Dúvidas sobre a tolerância do bafômetro nas blitzes da Lei Seca seguem em debate entre motoristas. A legislação brasileira é rígida e não admite consumo de bebida alcoólica antes de assumir o volante. A diferença entre tolerância e margem de erro é técnica e envolve o funcionamento de equipamentos de medição.

O radar de bebida alcoólica é instrumento de precisão. Pequenas variações podem ocorrer, mas não constituem benefício para quem bebeu. Em caso de exame de sangue, qualquer traço de álcool resulta em punição.

A aplicação prática desse tema depende de parâmetros legais definidos pelo Conselho Nacional de Trânsito.
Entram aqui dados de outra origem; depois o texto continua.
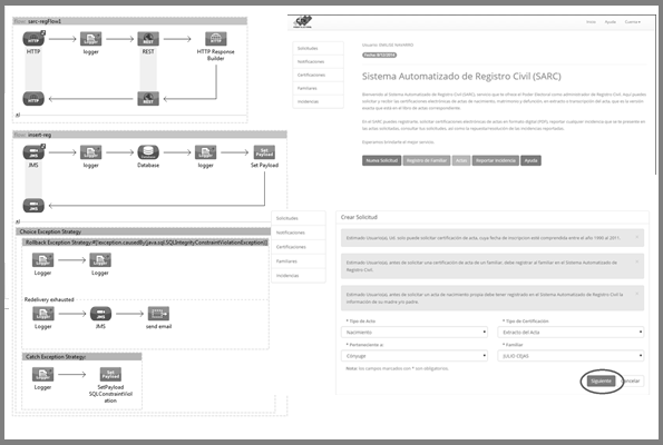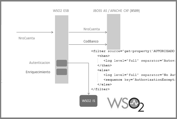 WSO2 Identity Server, WSO2 Enterprise Service Bus y Apache CXF-Spring proporcionó las bases técnicas para estandarizar la gestión de identidades para APIS y Servicios proxys SOAP y Apache CXF para el desarrollo de servicios seguros mediante certificados X509.

A regra estabelece que até 0,04 mg/L cobre variações do bafômetro, funcionando como proteção técnica, não como tolerância ao consumo.

Margem de erro e limites

Caso o resultado fique entre 0,05 mg/L e 0,33 mg/L, a infração é classificada como gravíssima. O motorista sofre autuação, suspensão da carteira por 12 meses e recolhimento do documento. Em caso de reincidência em um ano, os valores sobem.

A penalidade financeira para esse intervalo é de R$ 2.934,70, segundo o cálculo vigente. Além disso, há suspensão do direito de dirigir por 12 meses. Reincidência dentro de 12 meses eleva o custo para R$ 5.869,40 e aumenta o tempo de suspensão para 24 meses.

Transformação em crime e limites

Quando o bafômetro indica 0,34 mg/L ou mais, a prática deixa de ser administrativa e passa a caracterizar crime. O condutor pode responder por direção sob influência de álcool, com risco de detenção entre seis meses e três anos. A medida se baseia em dados de saúde pública sobre acidentes alcoo­lizados.

A linha entre infração administrativa e crime é definida por esse ponto crítico. As sanções penais acompanham o enquadramento, sem prejuízo de medidas administrativas previstas em lei.